On behalf of InterMune, Inc., I am pleased to extend to you this official offer of employment with InterMune as Senior Vice President & Managing Director, Europe, reporting to Dan Welch, President and CEO, commencing on October 30, 2009. You will be a member of InterMune’s senior leadership team. InterMune reserves the right to modify your position, duties and supervisor from time to time as it deems appropriate. This position is a full-time position.

Your employment is subject to successful verification of your professional references, and to our standard pre-employment process, which includes completion of an employment application and successful completion of a standard background check.

Work Location

Initially, your base of employment will be your home office in Switzerland.
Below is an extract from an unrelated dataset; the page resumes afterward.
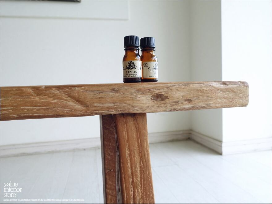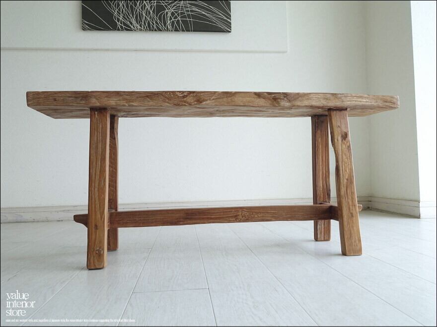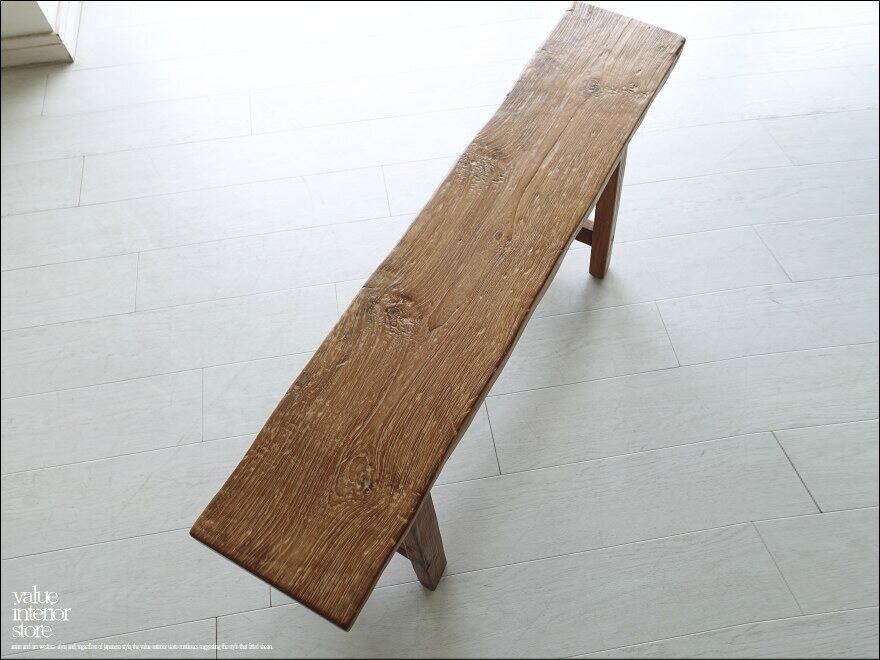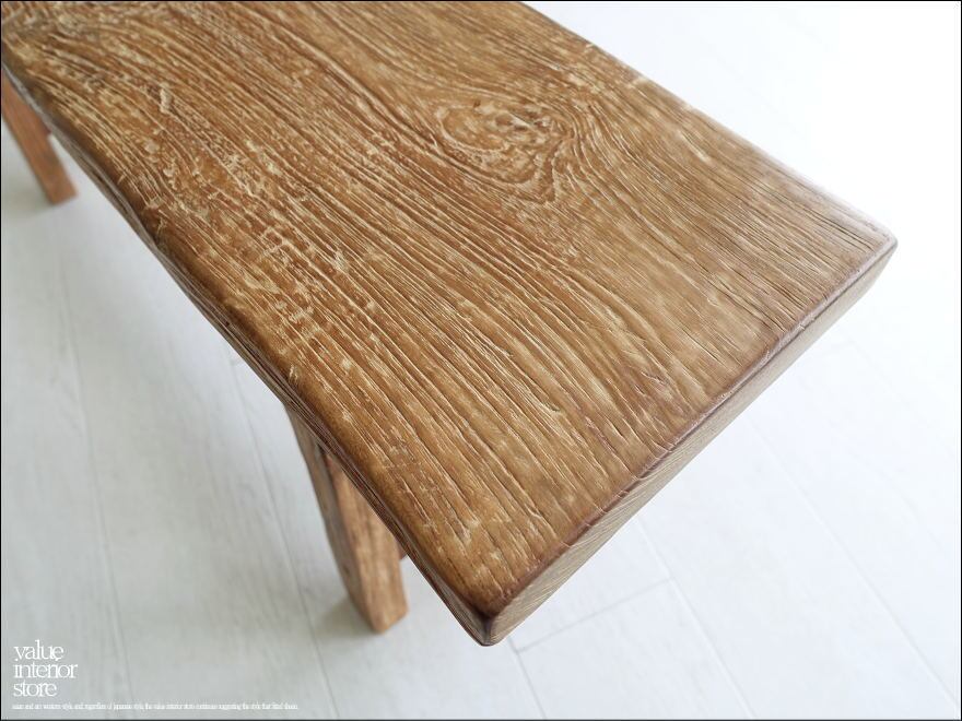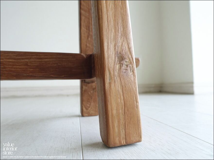 一枚板の座面は厚みもあり長くお使いいただけるしっかりした作りです。チークならではの木目と古材ならではの木肌が全体的に見られ味わい深く仕上がっています。職人さんが丹精こめて作った印象に溢れていて、きっとお部屋をスローダウンした素敵な雰囲気に包んでくれます。ベンチだけでなくインテリアのディスプレイ台としてもステキです。

You also may be required from time to time to work out of InterMune’s corporate headquarters in Brisbane, California. At such time that InterMune opens a formal office in Europe, you will be required to work from that office. Should that office be located more than 80 km (50 miles) from your current residence, InterMune will give you and your family the option to relocate; should you choose to do so, InterMune will pay all usual and customary relocation expenses for you and your family. Should you choose not to do so, InterMune will pay your reasonable commuting costs.

Compensation

If you accept this offer and begin employment, you will receive an initial base salary of €20,830.50 per month (equivalent to €249,966 or $375,000 per year at current exchange rates), paid in Euros on a a monthly basis, approximately on the 23rd to 25th day of each month. In the event of currency fluctuations, your pay will continue to be calculated in Euros. Your salary will be subject to review on the first anniversary of your employment.

You also will receive a sign-on bonus of €33,329 ($50,000), to be paid one-half at the time you begin your employment and one-half following sixty (60) days of employment, and an automobile allowance of €1,667 per month (equivalent to €20,000 or $29,726 per year).


Giacomo di Nepi

October __, 2009

Page 2

 

Additionally, you will be eligible to participate in our discretionary incentive bonus program designed to provide a financial reward for achieving performance goals. The incentive plan will be based on two criteria: your individual performance against your goals as determined by your manager and InterMune’s performance as determined by InterMune’s senior management and Board of Directors. For 2010, your target bonus will be 35% of your base pay. Upon EMEA approval of pirfenidone and the commercial launch of pirfenidone in the European market, your bonus structure will be revisited and modified to reward you for the successful growth of that market.

Because you will be providing services from Europe and are not a U.S. resident or citizen, you will not receive a United States Internal Revenue Service form W-2 in connection with your InterMune compensation. InterMune will retain the services of a Swiss payroll agent to provide your compensation.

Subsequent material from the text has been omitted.